BEGIN Data block
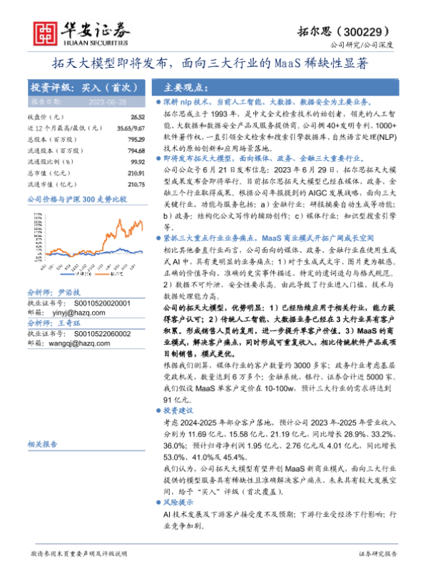 【华安证券】【20230628】拓天大模型即将发布,面向三大行业的MaaS稀缺性显著-19页
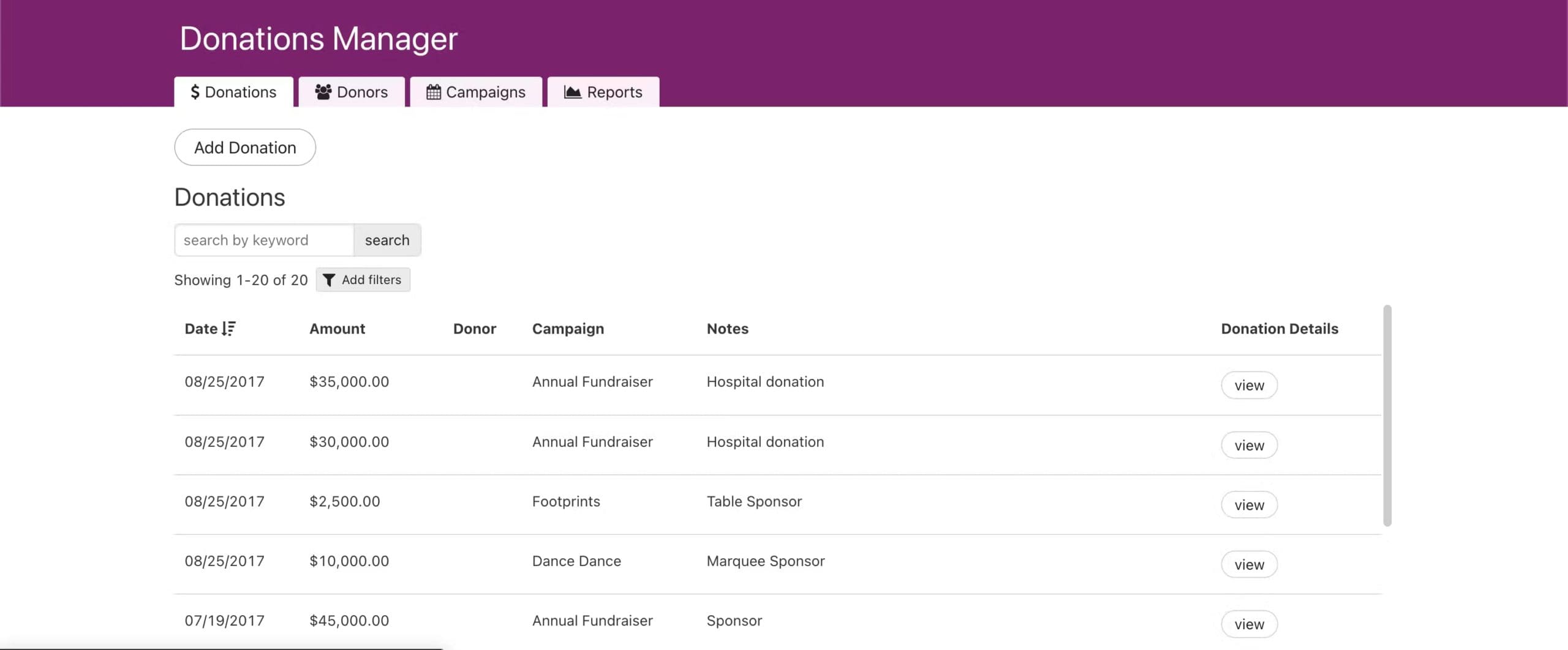 - Historical donations – See the donations each donor has made over time.
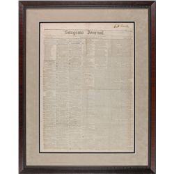 Original issue of the December 23, 1837, edition of the Sangamo Journal, four pages, 18 x 24.75, with a notice in the first column reading: “Stuart ...
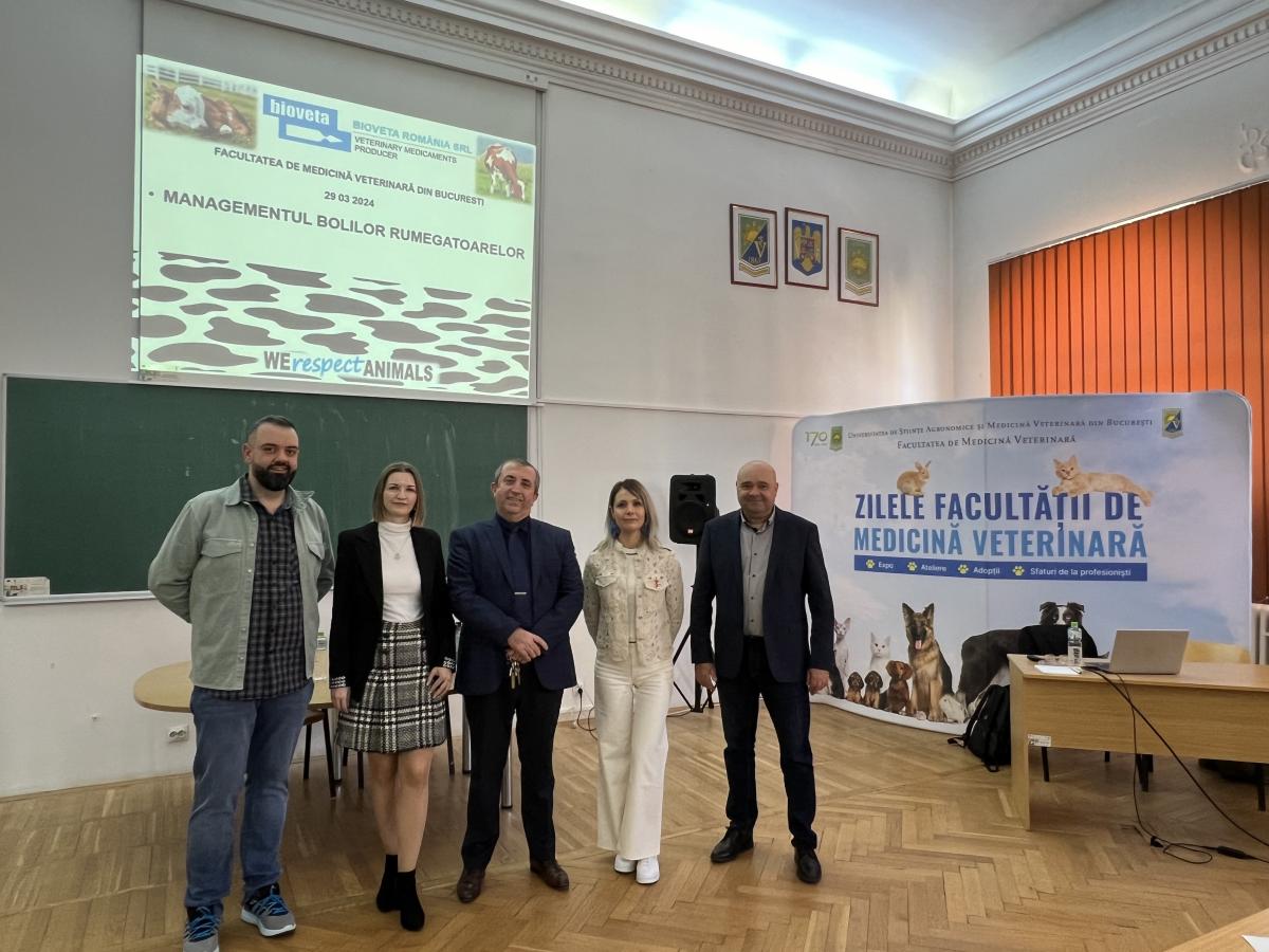 V nadväznosti na tradíciu minulých rokov sa spoločnosť Bioveta Romania aktívne podieľa na školení študentov fakúlt veterinárneho lekárstva v Rumunsku. Dňa 29. marca 2024 sme mali možnosť byť prítomní na Fakulte veterinárneho lekárstva v Bukurešti na sympóziu s témou "NOVÉ KLINICKO - TERAPEUTICKÉ POSTUPY V MANAŽMENTE CHORÔB HOSPODÁRSKYCH ZVIERAT". Akcie sa zúčastnili študenti 6. ročníka magisterského stupňa. Počas štyroch hodín sa študenti zúčastnili dvoch prezentácií zameraných na hlavné choroby vyskytujúce sa v chovoch ošípaných a hovädzieho dobytka v Rumunsku, vrátane predstavenia troch noviniek sortimentu Bioveta, a.s., a to Biosuis ParvoEry L(7), Biobos Respi 5 a Ketoprofen Bioveta 100 mg/ml a ich použitie v praxi.
END Data block
● **What to work on**: Since the listing holds pictures, return everything else in it exactly and omit those.

● **Task result**:
 【华安证券】【20230628】拓天大模型即将发布,面向三大行业的MaaS稀缺性显著-19页
 - Historical donations – See the donations each donor has made over time.
 Original issue of the December 23, 1837, edition of the Sangamo Journal, four pages, 18 x 24.75, with a notice in the first column reading: “Stuart ...
 V nadväznosti na tradíciu minulých rokov sa spoločnosť Bioveta Romania aktívne podieľa na školení študentov fakúlt veterinárneho lekárstva v Rumunsku. Dňa 29. marca 2024 sme mali možnosť byť prítomní na Fakulte veterinárneho lekárstva v Bukurešti na sympóziu s témou "NOVÉ KLINICKO - TERAPEUTICKÉ POSTUPY V MANAŽMENTE CHORÔB HOSPODÁRSKYCH ZVIERAT". Akcie sa zúčastnili študenti 6. ročníka magisterského stupňa. Počas štyroch hodín sa študenti zúčastnili dvoch prezentácií zameraných na hlavné choroby vyskytujúce sa v chovoch ošípaných a hovädzieho dobytka v Rumunsku, vrátane predstavenia troch noviniek sortimentu Bioveta, a.s., a to Biosuis ParvoEry L(7), Biobos Respi 5 a Ketoprofen Bioveta 100 mg/ml a ich použitie v praxi.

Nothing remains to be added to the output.